Some Facts and Opinions That I Will Share Now
- Fact Number 1: a mouthful of spiders has more protein in it than a mouth full of cooked chicken. I'm not sure why, but many of the people that I have shared that fact with have made comments about preferring chicken. I don't know how they could know that they prefer chicken. I can't say I prefer chicken. Preferring means that I have tried spiders and I have facts for consideration in making a choice. I have not.
- Fact Number 2: Purslane is supposed to be full of omega-3, that wonder drug that cures pain and inflammation. If it weren't for the fact that I have read that it has a diuretic effect and causes diarrhea, I would try it. I have seen recipes for salads and pickled leaves but have not been brave enough to try it.
- Fact Number 3: One year, I planted a Meclun Mix of lettuce. The only problem that I found was that, although I got a lot of odd-looking plants like the package promised, the weeds in my garden looked strangely similar, and I don't think it's safe to start chewing on just anything in the garden. Do you know what I mean?
- Opinion: I have a problem with planting certain colors of tomatoes as well. We like to eat red tomatoes, but there are some varieties of tomatoes that turn bright yellow or blackish/maroon when they are ripe. Tomatoes, to me, are one of those items that, unless it smells okay and looks okay, I have a hard time putting it in my mouth. Red tomatoes that aren't rotten are delicious. Food poisoning from a rotten tomato is horrible, and the worst of it is that you don't know how a tomato tastes until you put it in your mouth. By then, it's too late.
Safe Weeds and Bugs
I'm sure that there are plenty of bugs that run into our mouths when we sleep. We'd probably be quite shocked at how many we have already consumed. But, I'm talking about free will and choice here.
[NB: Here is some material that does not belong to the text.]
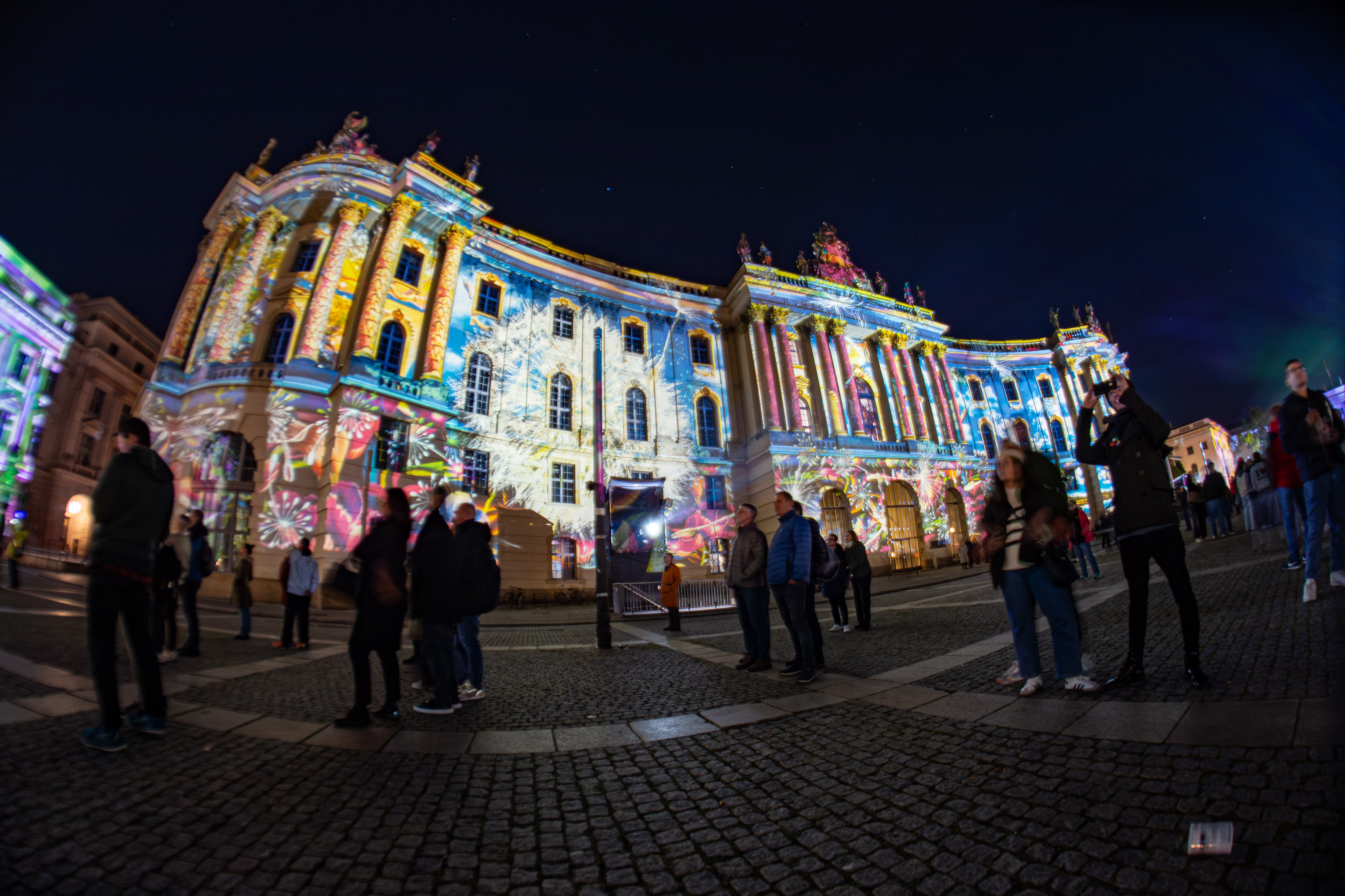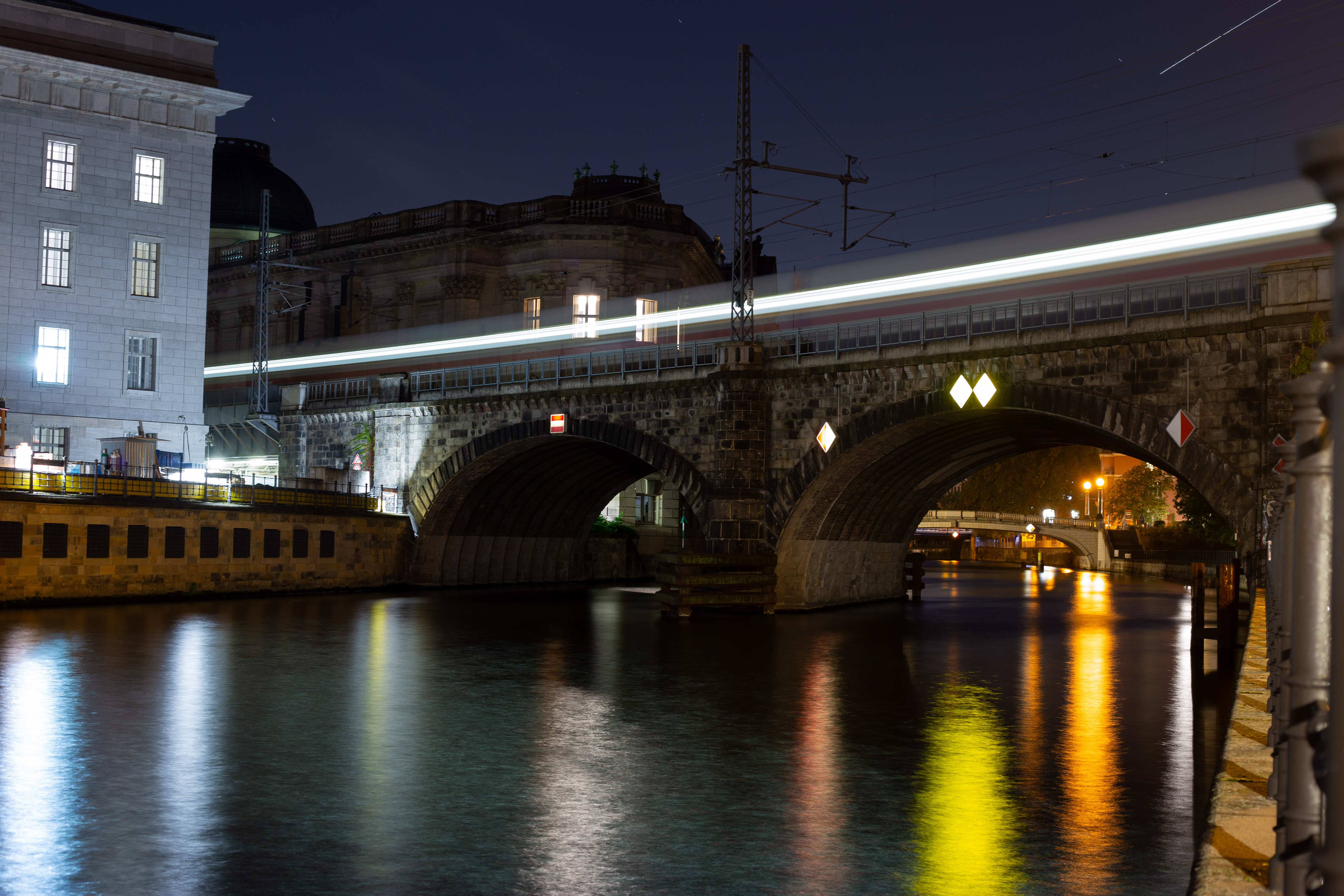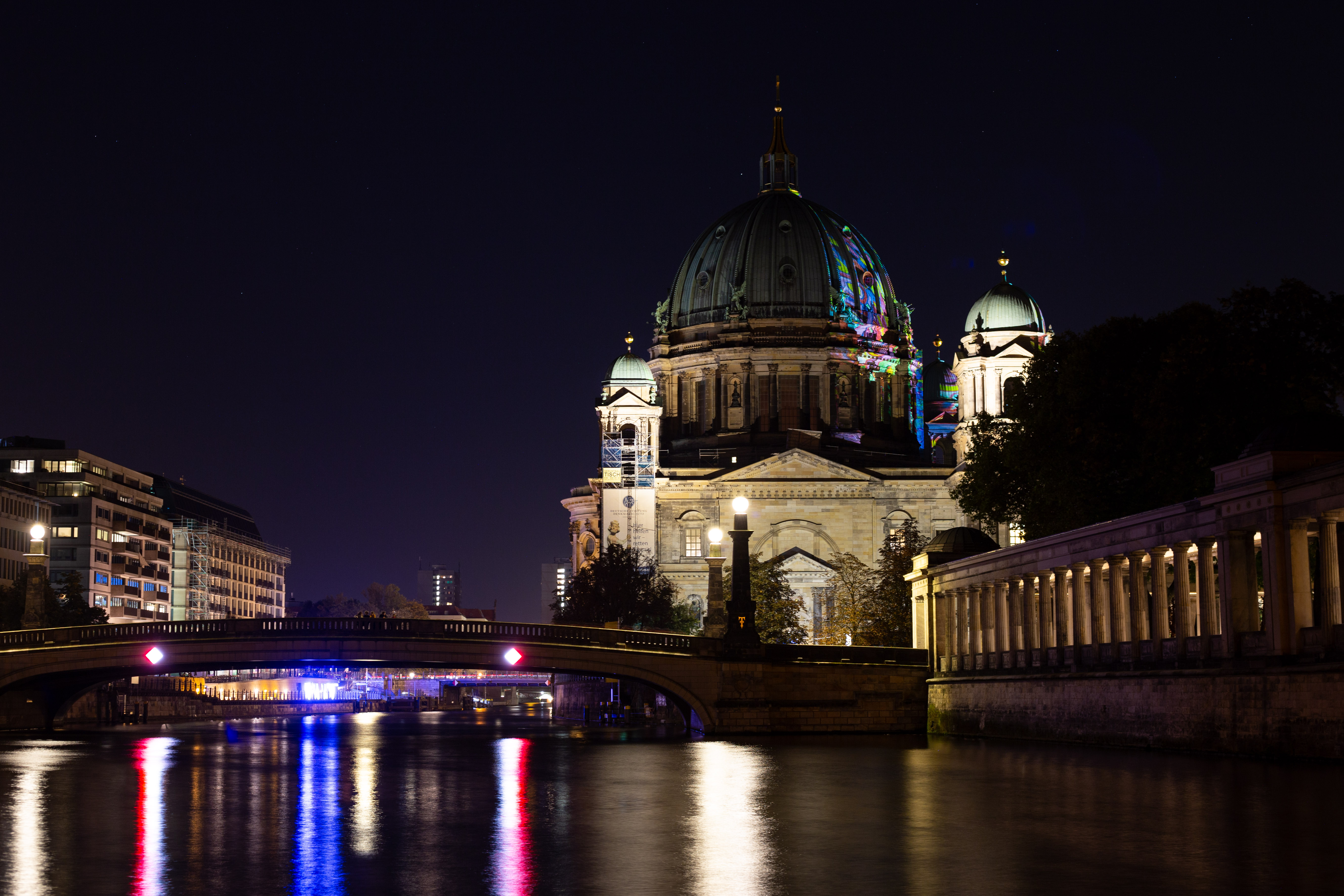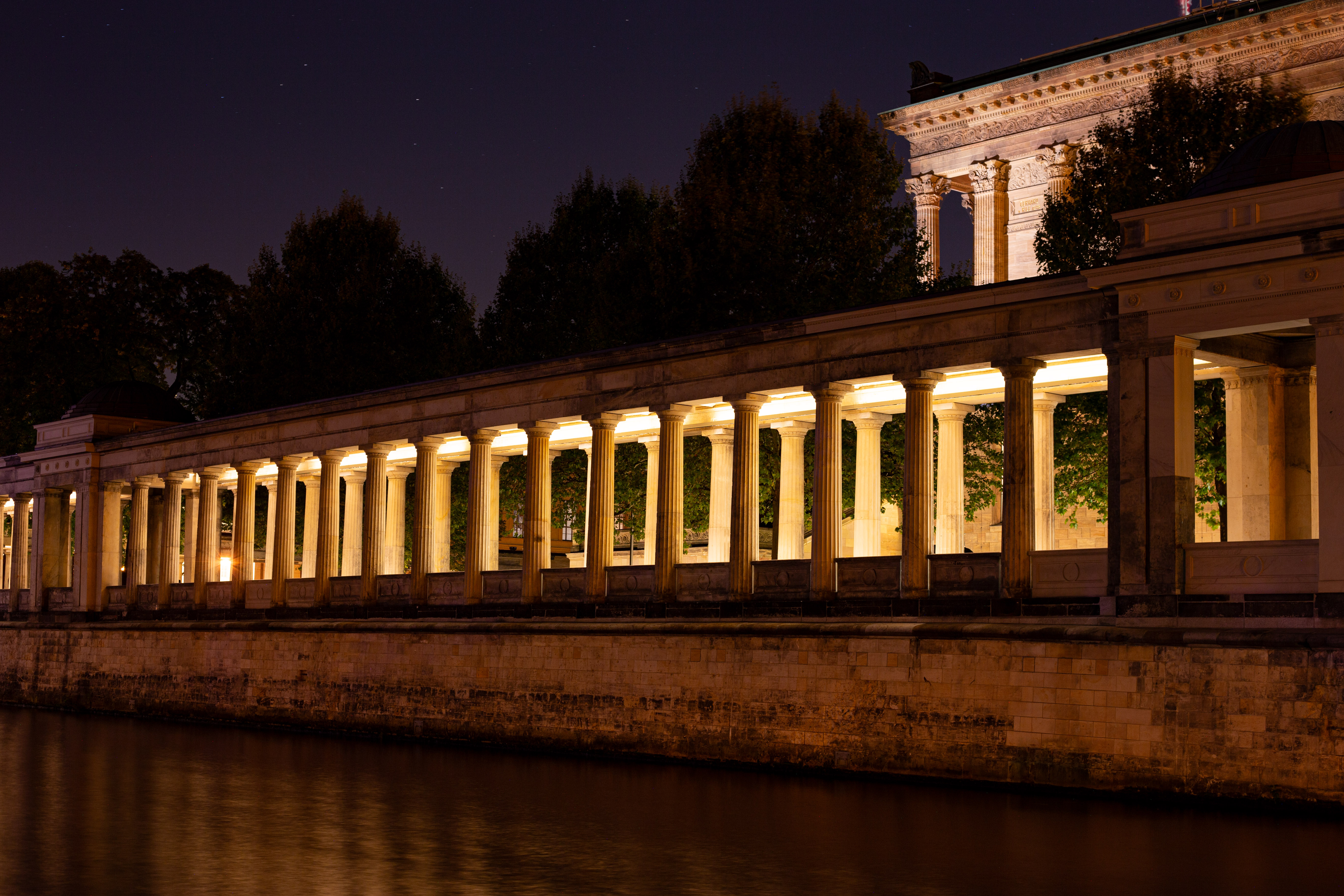 The image features a serene night scene by a river, with a row of white columns on the left side of the frame, illuminated by warm yellow lights. The columns are arranged in a grid, and the river mirrors the columns' glow, creating a mirror-like effect. In the background, a white building with a green roof stands, partially obscured by the river. The sky is dark, and the image is taken from a low angle, emphasizing the grandeur of the columns and the building. The scene is peaceful and tranquil, with no discernible text or actions.

Care to share what you've tried and how the flavor was and if you make a regular habit of it?
This reminds me of nightcrawlers, those long worms that come out and eat leaves at night after a rain storm. I have heard that you can cook them like in a frying pan and make pieces of worm that taste like bacon bits. Does that make your teeth hurt just a little? I have heard of people who use them like green beans in green bean casserole. Again, I'm not adventurous enough to try them.
Char Milbrett (author) from Minnesota on July 29, 2017:
:) Thanks for your comment, Larry Rankin!
Larry Rankin from Oklahoma on July 28, 2017:
Kind of fun to try foods off the beaten path.